Last month's devastating floods could mean an uptick in the West Baton Rouge housing market if flood victims look to replant roots on drier land.
Housing experts have said there will be population shifts as folks who lost their homes look to buy new ones in neighborhoods that didn't flood, and West Baton Rouge Parish President Riley "Pee Wee" Berthelot said that could likely put his parish on top of a lot of people's lists.
Last week’s devastating south Louisiana floods, which have forced tens of thousands of peopl…
"It's no guarantee, but I'm thinking we should," Berthelot said. "There's this perception, when you look at maps showing flooding, that we hardly got hit."
Berthelot's executive assistant, Jason Manola, added, "We had some sporadic flooding but nothing like you saw over in other parishes where you could literally paint a brush over entire areas."
Only 40 homes in West Baton Rouge sustained flood damage.
Berthelot suspects things remained relatively drier on the west side of the Mississippi River because of a good drainage system and its geographic location.
"We don't take a lot of water the other parishes do because we're kind of isolated. So water doesn't travel the way it did over in Ascension and Livingston," Berthelot explained. "And any flood water up north from the Pointe Coupee Parish and False River area pretty much dumps into several bayous and big canals, which flushes it out before it hits us."
So, could the parish's lucky outcome in the historic floods entice flood-fatigued victims to migrate into West Baton Rouge? Berthelot seems to think so.
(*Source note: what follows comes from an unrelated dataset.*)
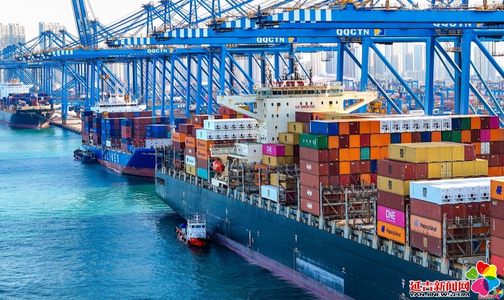 △货轮在山东港口青岛港全自动化码头装卸货物。

Parish officials have projected they'll issue about 200 building permits this year for new housing. It'll be the most they've processed since 2006, when West Baton Rouge saw a housing boom following Hurricane Katrina. That year, the parish issued 220 building permits for residential housing, according to a 10-year analysis.
On average, the parish issues about 150 permits annually, according to the report.
Manola, who also serves as president of the parish's School Board, said the school system has already welcomed about 75 students from neighboring parishes that were hit harder by the floods.
"These are mostly kids who are living temporarily with folks over here," he said. "In order for them to enroll, they have to show they have some type of temporary residency here in West Baton Rouge."
More rooftops is one thing parish officials have said could lead to the much-needed commercial development West Baton Rouge currently lacks. The parish's economic experts have struggled to attract retail and other high-end commercial entities into the area because not enough people call West Baton Rouge home.
The 2015 Census estimate pegs the parish's population at only 25,490, up from the 2010 Census figure of 23,788.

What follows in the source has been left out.